Bei der genannten Anspruchsvoraussetzung handelt es sich um ein negatives Tatbestandsmerkmal, welches uneingeschränkter gerichtlicher Kontrolle unterliegt und dessen Vorliegen vom Dienstherrn darzulegen und gegebenenfalls zu beweisen ist.

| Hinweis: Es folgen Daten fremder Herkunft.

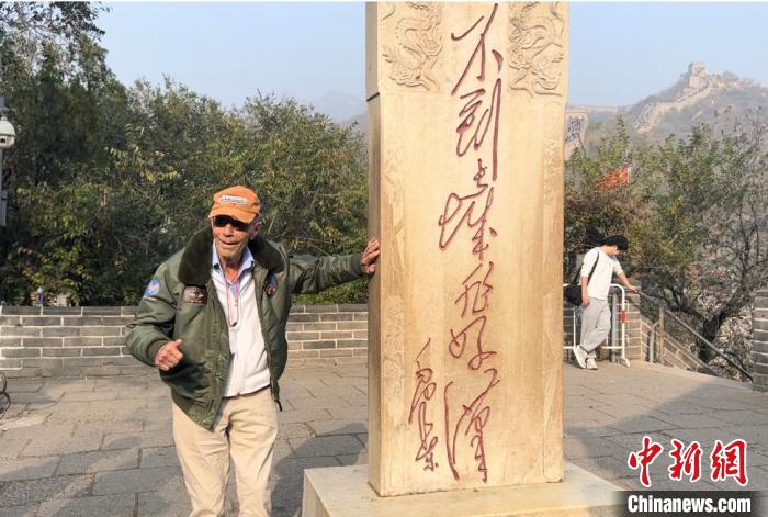 百歲美國(guó)飛虎隊(duì)老兵再登長(zhǎng)城 在“好漢碑”前留影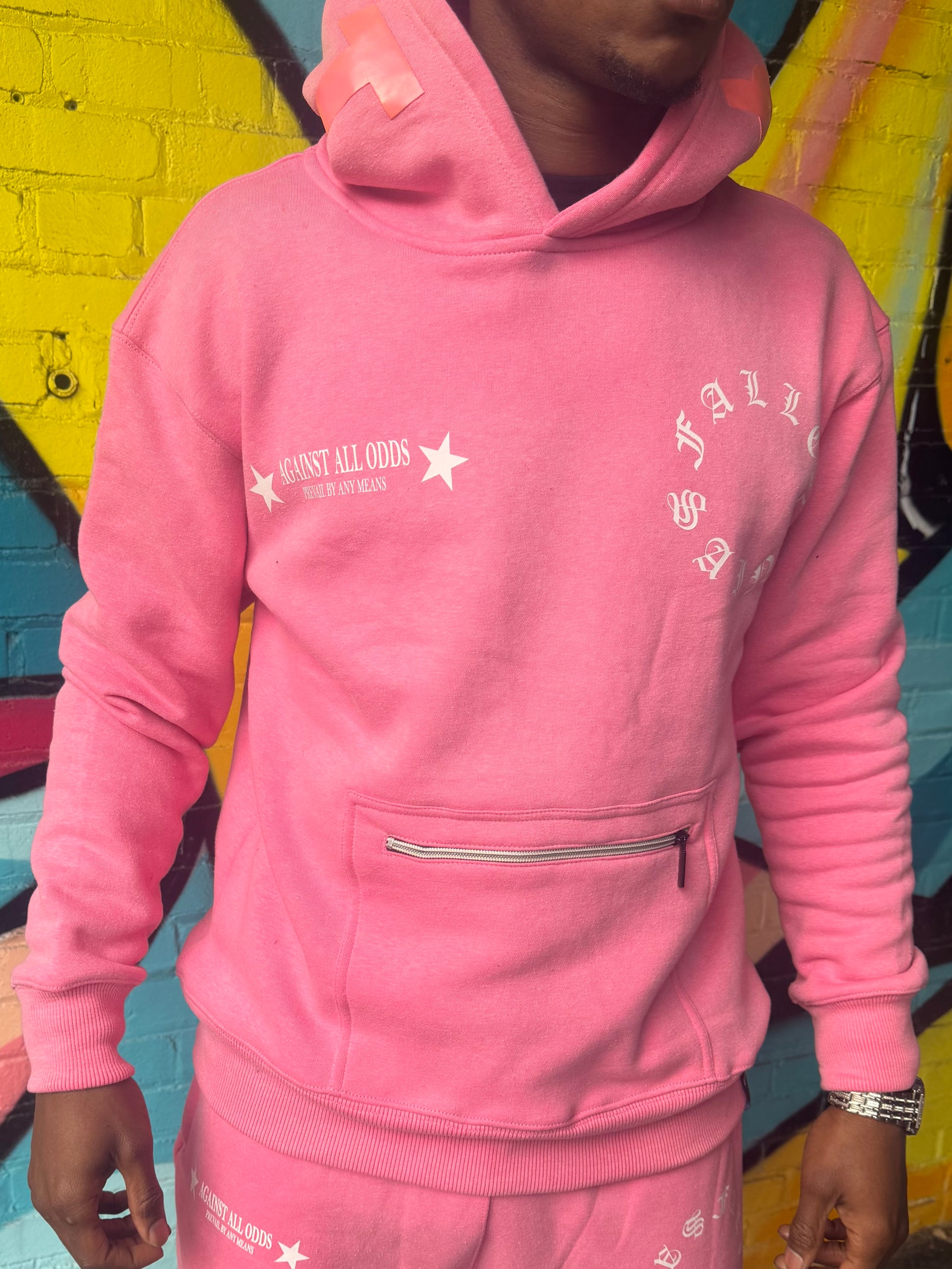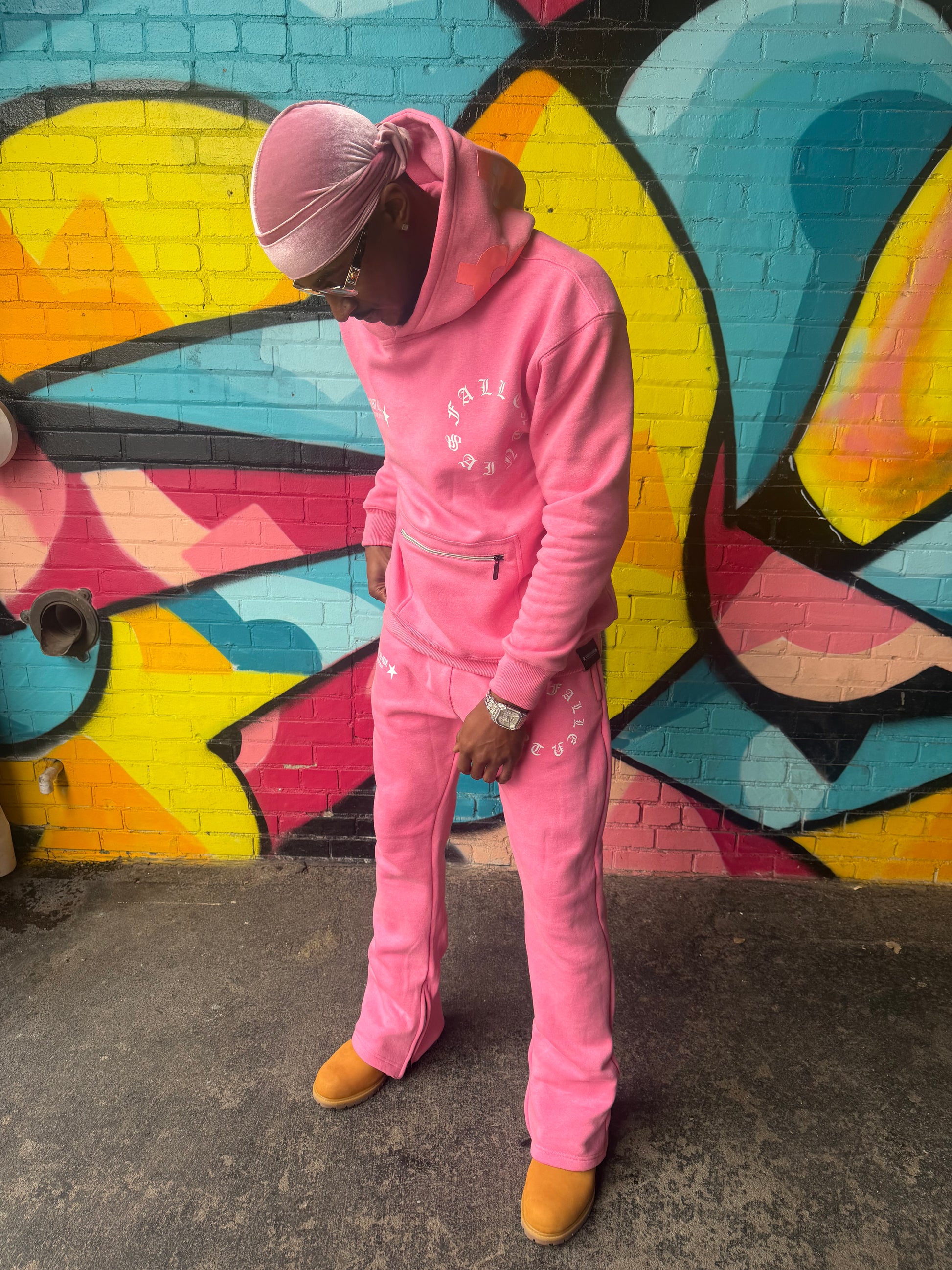 Harlem Pink. Acid wash. Exclusive zipper pouch on hoodie. Stacked joggies with zipper option. 350GSM fabric. (This item pays special homage to the Harlem rapper, Cam’ron)

Wann zwingende dienstliche Gründe vorliegen, kann dem Gesetz nicht ohne weiteres entnommen werden. Es bedarf mithin einer Auslegung, welche unter Orientierung namentlich am Wortlaut ("zwingend"), am systematischen Zusammenhang (u.a. strikte zeitliche Begrenzung des Rechtsanspruchs des Betroffenen) sowie an der Zweck- und Zielsetzung der Regelung (Verstärkung des Grundsatzes "Rehabilitation und Versorgung" unter Vermeidung von Versorgungslasten, Ausrichtung am beamtenrechtlichen Lebenszeitprinzip sowie an der Alimentations- und Fürsorgepflicht des Dienstherrn gegenüber dem wieder dienstfähig gewordenen Beamten) im Ergebnis dazu führt, dass das Merkmal eher eng, d.h. einschränkend zu Lasten des Dienstherrn auszulegen ist. Hiervon ausgehend stehen der Reaktivierung - jedenfalls soweit es um sog. objektive Gründe aus dem Bereich der Verwaltung des Dienstherrn geht - nur dann dienstliche Gründe entgegen, wenn in den Erfordernissen des Dienstbetriebs liegende Gründe, deren Beachtung wegen ihrer besonderen Bedeutung für die Aufrechterhaltung und/oder Ordnung des Dienstbetriebes alternativlos ist, die Wiederberufung des Beamten ausschließen.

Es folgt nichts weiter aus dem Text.